Он не был голоден, но еда обычно отвлекала его от неприятных мыслей, поэтому последнее время он постоянно что-нибудь жевал, запивая пищу одной-двумя большими рюмками водки.
Сегодня не помогала и еда. Проклятые мысли буравили мозг, просачивались на язык и выстреливали в воздух трескучими звучными ругательствами.
Профессиональный разведчик, агент с самой большой буквы, с младых ногтей завязанный на осведомительство и подрывную деятельность, он был как никогда близок к провалу и краху своей жизни и карьеры. Прибывший на Запад как политический перебежчик и бывший генерал комитета госбезопасности, он вовсе не был перебежчиком и продолжал оставаться генералом своего ведомства, получая через связника инструкции и жалование в твердой валюте.
Он был венцом коварнейшего плана, годами вынашиваемого спецслужбами своей страны. Ему было оказано высочайшее доверие, на него возложили труднейшую и почетнейшую миссию. Шишаков должен был разложить Запад изнутри. Ему были выделены огромные суммы для организаций оргий, бардаков, публичных совокуплений и безобразий. Он должен был растрясти целомудренных обывателей и вместе с ними всю прогнившую капиталистическую систему. Лишив несправедливое общество привычных устоев, его следовало взорвать изнутри здоровыми силами самого общества, предварительно разбудив их от спячки и нацелив на конкретные действия. Для этого потребовалось новое идеологическое оружие, убойное и внешне абсолютно безобидное, универсальное и грозное, мобилизующее и вдохновляющее угнетенные и обманутые подачками массы на борьбу за социальную справедливость.
Таким оружием стала музыка.
Композиторы многонациональной родины Шишакова, среди которых было немало по-настоящему талантливых людей, десятилетиями создавали бодрящие, зовущие и мобилизующие произведения, которым еще только предстояло сыграть свою роль в деле установления всеобщей гармонии.

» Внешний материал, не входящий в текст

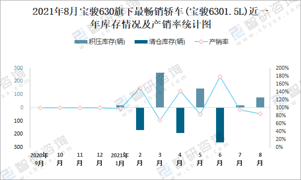 根據中國汽車工業協會數據統計可知:2021年8月寶駿630(轎車)旗下只有1款寶駿6301.5L轎車在銷售;近一年寶駿6301.5L共清倉庫存102輛,其產銷率存在一定幅度波動,2021年6月產銷率最高(178.57%),清倉庫存264輛,2021年3月產銷率偏低(68.57%),積壓庫存264輛。
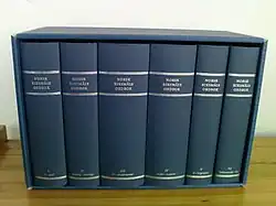 A preliminary wordlist issued by Riksmaalsvernet in March 1921 led to a fierce linguistics debate in newspapers and in the cultural and literary magazine Samtiden.[2][4][5][6] In 1922 Alf Sommerfelt was appointed as editor for the dictionary.[7] Trygve Knudsen joined the work in 1924, and was co-editor for the project from July 1925.[3][8] Harald Noreng joined as secretary in 1938, and as co-editor from 1940.[9][10] The dictionary was issued in parts, starting from 1930, and the work was completed in 1957, and printed in four volumes.[3][8][11] From 1981, the Norwegian Academy for Language and Literature has been responsible for the dictionary.[12] A reprint of the four volumes was issued in 1983, and again in 1991.[10][12]
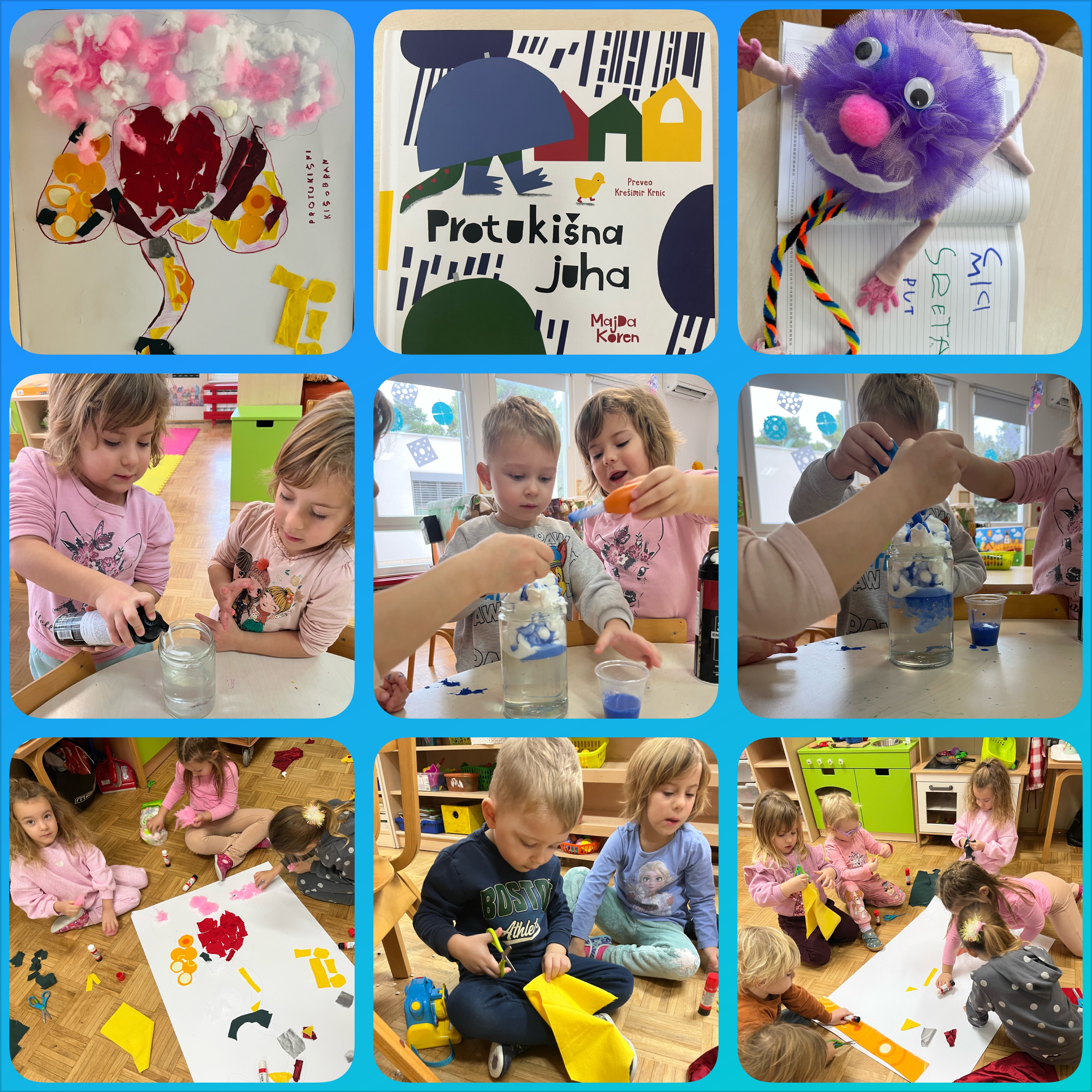 U sklopu projekta Naša mala knjižnica, skupina Bubamare ovoga je mjeseca obrađivala slikovnicu „Protukišna juha“ autorice Majde Koren.
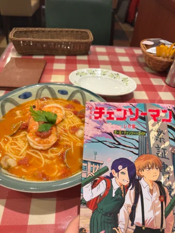 今日食べたパスタと来場特典の冊子🍝
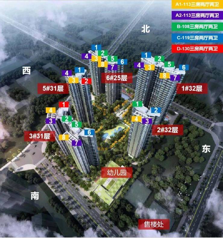 ✨楼层总高:1#楼32层,2#楼32层,3#楼31层,5#楼31层,6#楼25层;

В один прекрасный день все тонизирующие кантаты, симфонии и просто песни были собраны воедино и заложены в мощнейший компьютер, которому предписывалось выделить ген действенности и, используя его, создать на базе существующего опыта единое убойное произведение, вобравшее в себя весь пыл и жар своих предшественников.

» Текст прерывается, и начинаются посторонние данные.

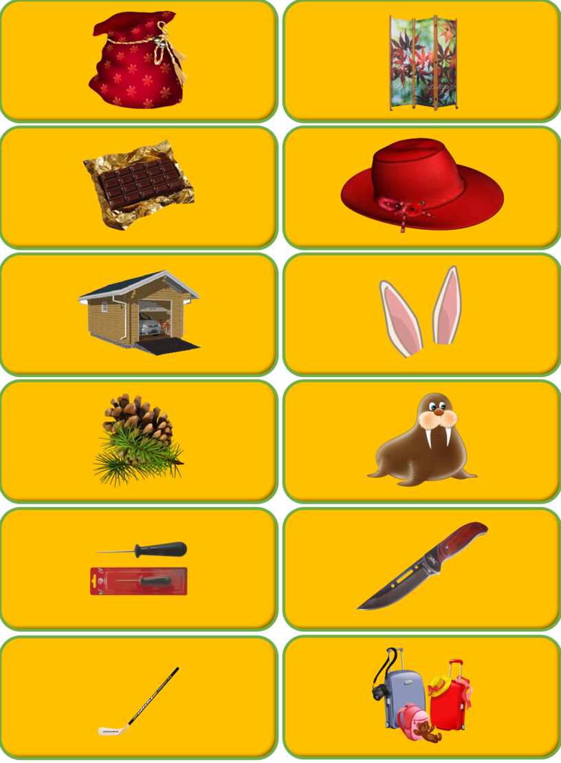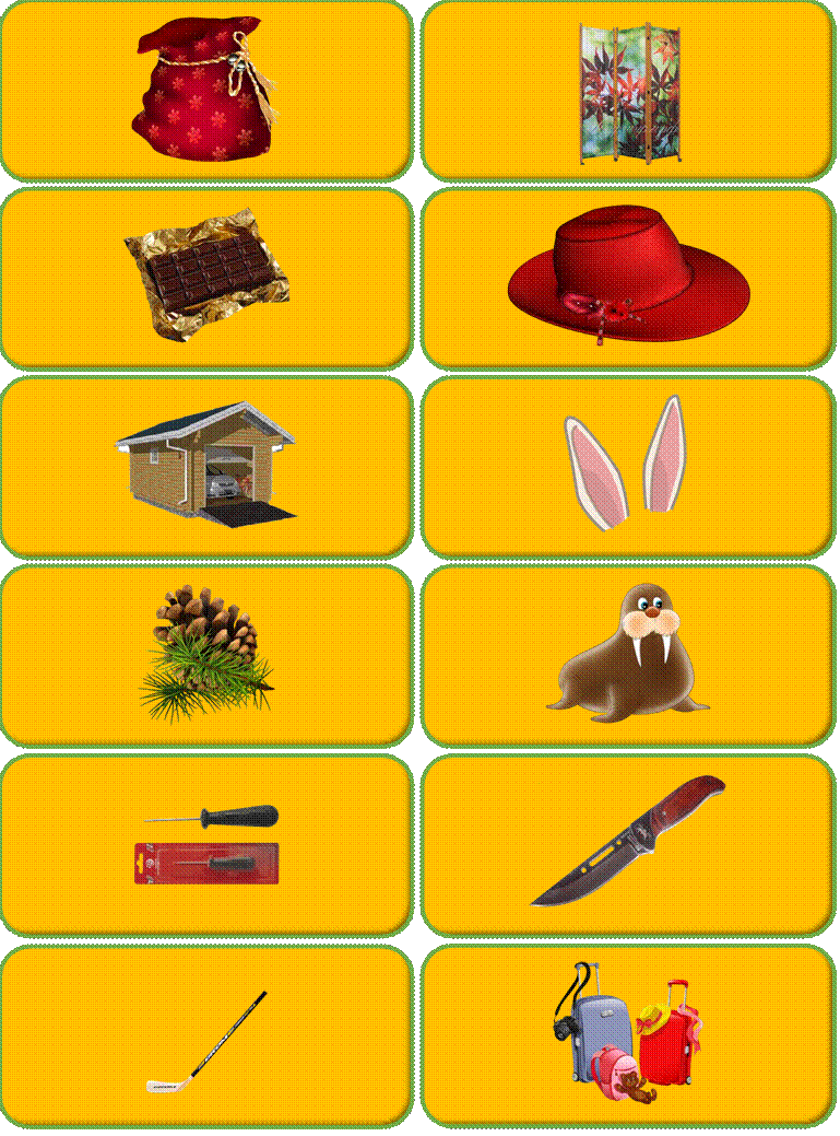 Оборудование: карточки с картинками предметов и мешков.

ВЕЩЬ была успешно синтезирована и получила форму оперы, эксперименты, проведенные на крысах и добровольцах, дали обнадеживающие результаты Тот же компьютер за полчаса набросал незамысловатое, не слишком бросающееся в глаза либретто. Шишаков, когда-то учившийся в музыкальной школе, был вызван к председателю комитета, где и принял оперу как свою.
Через несколько дней с толстым нотным альбомом под мышкой он незаметно пересек границу и направился вглубь вражеской территории.
Наивный Запад поверил Шишакову, который, немного выждав, принялся исподволь развращать обывателей. Организованные и оплаченные им пьяные сборища стали непременной частью жизни Вечного города и перекинулись в провинцию. Под оргии арендовались лучшие помещения, и даже метро в ночное нерабочее время. Редкие голоса в защиту нравственности тонули в разноголосице пьяных выкриков, а наиболее мощный и авторитетный голос городского викария вместе с его обладателем был устранен тайным удушением, замаскированным под трагическую случайность. Шишаков выкрал завещание преподобного, планировавшего скромное отпевание в уединенной церкви, и заменил документ подложным, превратив похороны святого отца в постыдное и аморальное шоу. Не устояли и авторитеты от искусства, единодушно признавшие шишаковскую оперу единственным и лучшим музыкальным произведением всех времен и народов. Подрывная музыка зазвучала везде и повсюду, люди упоенно внимали ей, в них начала копиться избыточная энергия, которая требовала выхода и приводила к битью витрин, дракам, поножовщине и поджогам. А Шишаков, получая огромное авторское вознаграждение, жил припеваючи и финансировал все новые и новые безобразия.
И вот - все кончилось.
Общественность-таки звучно забила в набат, широкие слои населения спохватились и ужаснулись, Высочайшее жюри в спешном порядке отменило свое постановление по опере, признав ее зловредной и повсеместно запретив к исполнению целиком и фрагментами. Шишаков был ославлен, лишен знаков отличия, он перестал получать авторские отчисления. На родине тоже был не лучший период, широкое финансирование его деятельности прекратилось, а скудного жалования было недостаточно даже для уплаты федерального налога. Шишаков наделал огромных долгов и уже не мог расплатиться с кредиторами, его вызвали в суд, где объявили о конфискации имущества, включая приобретенный им замок, в каминной зале которого он ел сейчас перемазанную барсучьим жиром гречневую кашу с отрубями.
Лакей (в чине майора госбезопасности) унес казан с остатками каши и опустевшую бутылку очищенной. Шишаков задумчиво ковырял острием крюка в зубных протезах. Он был всегда живчиком и оптимистом, ему и сейчас хотелось надеяться на лучшее. Перебирая детали проведенных операций, он принуждал себя сделать вывод, что нигде не наследил. Мокрая история с викарием была сработана чисто, а его многочасовые просиживания в нашпигованном электроникой экипаже у стен вражеского министерства обороны (побочное задание) вполне могло сойти за ожидание партнерши упрямым и терпеливым любовником.
Генерал не боялся трудностей, он всегда выполнял наиболее сложные и деликатные поручения своего ведомства, а если враги садились на хвост, он мог подобно ящерице унести голову, оставив в жаркой схватке какую-нибудь не столь уж важную часть тела.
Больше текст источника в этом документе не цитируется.